* **Required action**
Reproduce the listing below exactly, minus its pictures.

* **Data extracts**
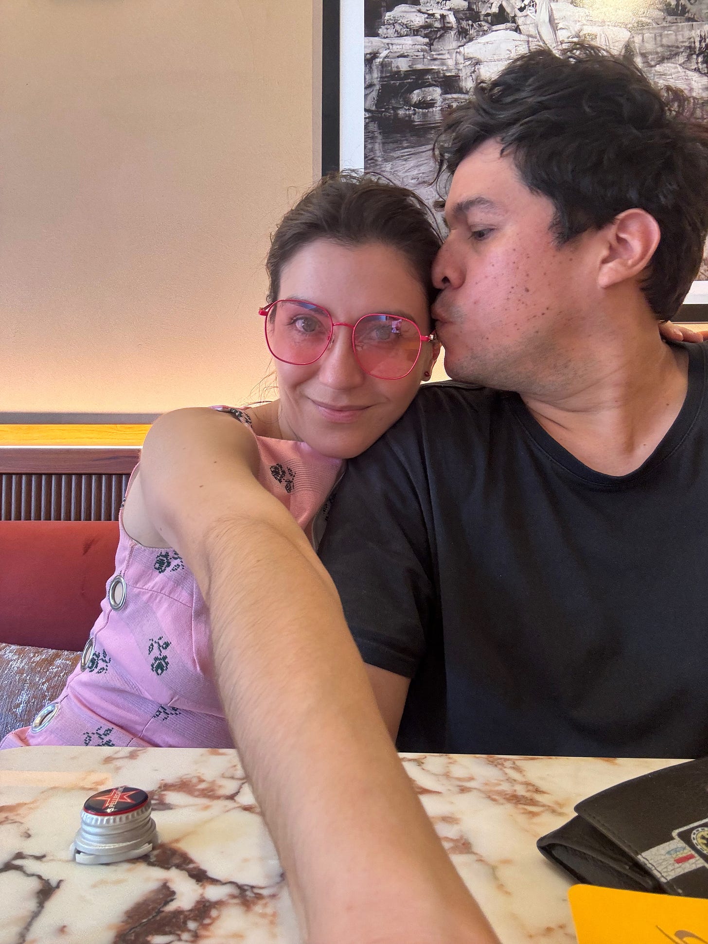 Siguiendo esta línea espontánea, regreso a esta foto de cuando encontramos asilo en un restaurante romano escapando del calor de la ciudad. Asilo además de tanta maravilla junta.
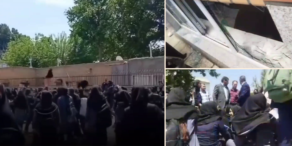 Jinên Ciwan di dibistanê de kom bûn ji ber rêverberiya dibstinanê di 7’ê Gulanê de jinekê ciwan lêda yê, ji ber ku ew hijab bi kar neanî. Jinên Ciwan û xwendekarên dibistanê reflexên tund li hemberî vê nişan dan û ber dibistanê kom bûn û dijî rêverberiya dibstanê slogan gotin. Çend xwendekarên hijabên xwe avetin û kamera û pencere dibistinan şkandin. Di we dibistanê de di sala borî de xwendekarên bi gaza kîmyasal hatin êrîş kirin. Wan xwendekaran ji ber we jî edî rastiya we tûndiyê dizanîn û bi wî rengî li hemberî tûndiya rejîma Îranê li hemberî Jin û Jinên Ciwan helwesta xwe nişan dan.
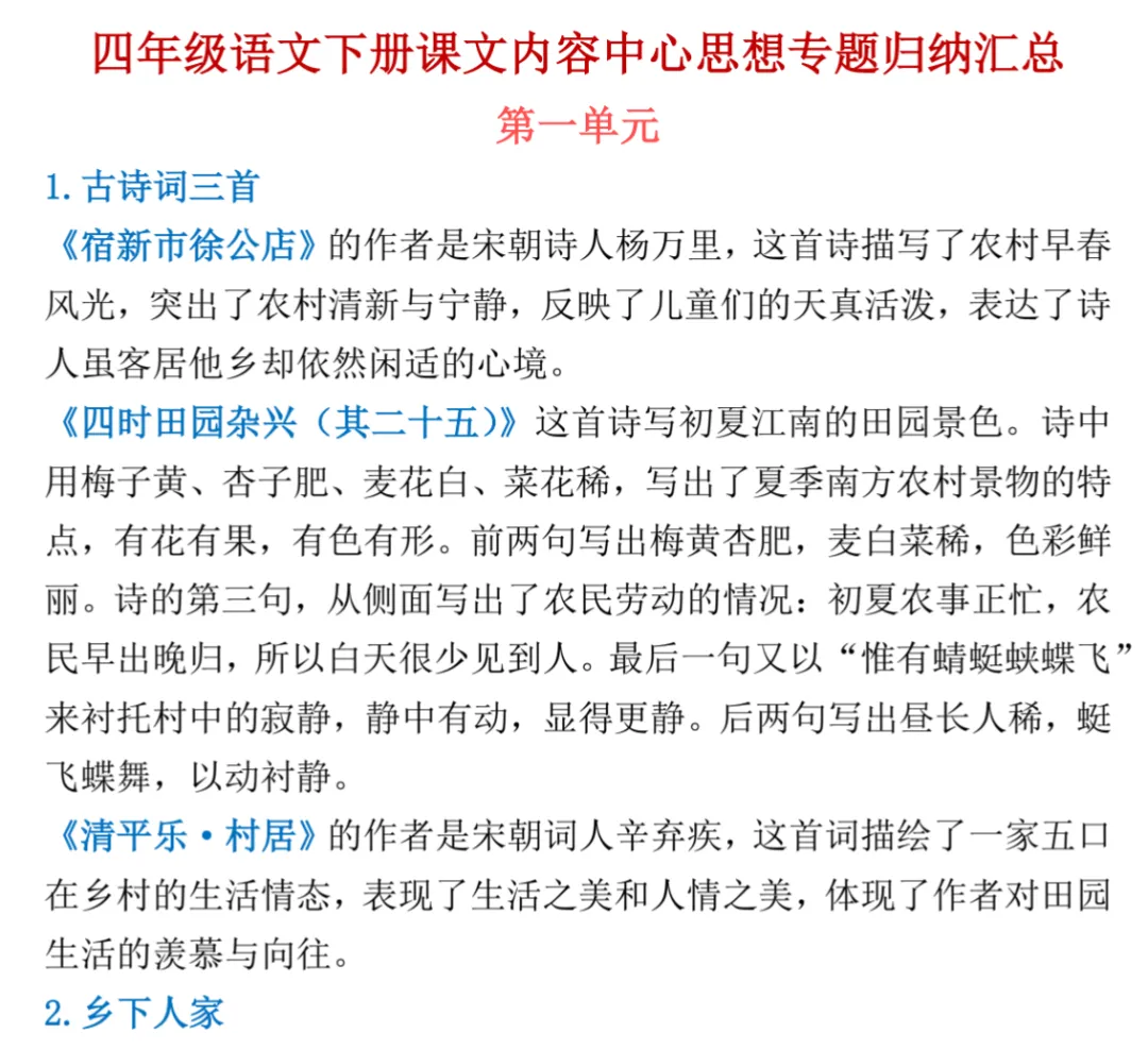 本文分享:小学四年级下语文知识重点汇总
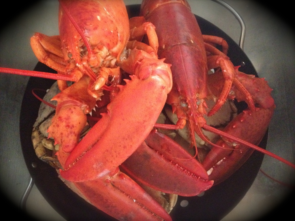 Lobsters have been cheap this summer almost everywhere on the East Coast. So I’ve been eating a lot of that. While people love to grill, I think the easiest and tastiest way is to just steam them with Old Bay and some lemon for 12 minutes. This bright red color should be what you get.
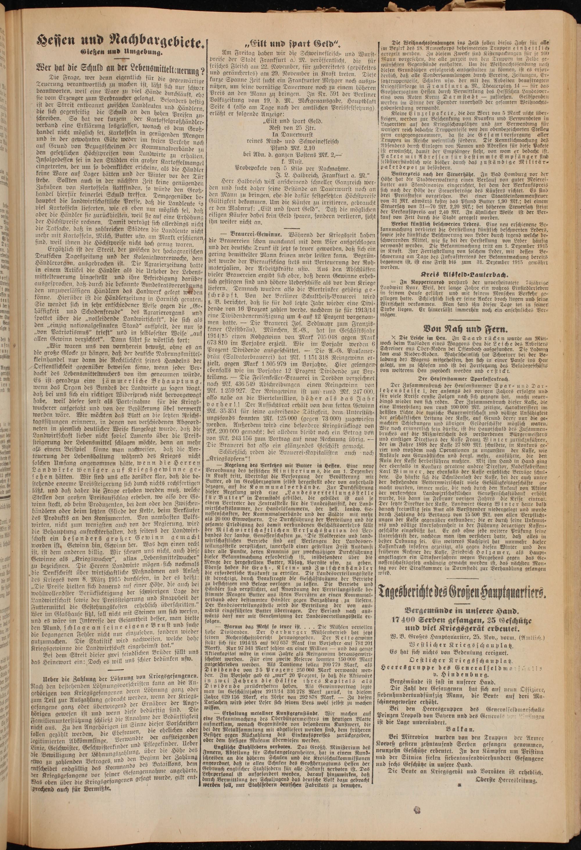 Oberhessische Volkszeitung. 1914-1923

* **Exercise output**
 Siguiendo esta línea espontánea, regreso a esta foto de cuando encontramos asilo en un restaurante romano escapando del calor de la ciudad. Asilo además de tanta maravilla junta.
 Jinên Ciwan di dibistanê de kom bûn ji ber rêverberiya dibstinanê di 7’ê Gulanê de jinekê ciwan lêda yê, ji ber ku ew hijab bi kar neanî. Jinên Ciwan û xwendekarên dibistanê reflexên tund li hemberî vê nişan dan û ber dibistanê kom bûn û dijî rêverberiya dibstanê slogan gotin. Çend xwendekarên hijabên xwe avetin û kamera û pencere dibistinan şkandin. Di we dibistanê de di sala borî de xwendekarên bi gaza kîmyasal hatin êrîş kirin. Wan xwendekaran ji ber we jî edî rastiya we tûndiyê dizanîn û bi wî rengî li hemberî tûndiya rejîma Îranê li hemberî Jin û Jinên Ciwan helwesta xwe nişan dan.
 本文分享:小学四年级下语文知识重点汇总
 Lobsters have been cheap this summer almost everywhere on the East Coast. So I’ve been eating a lot of that. While people love to grill, I think the easiest and tastiest way is to just steam them with Old Bay and some lemon for 12 minutes. This bright red color should be what you get.
 Oberhessische Volkszeitung. 1914-1923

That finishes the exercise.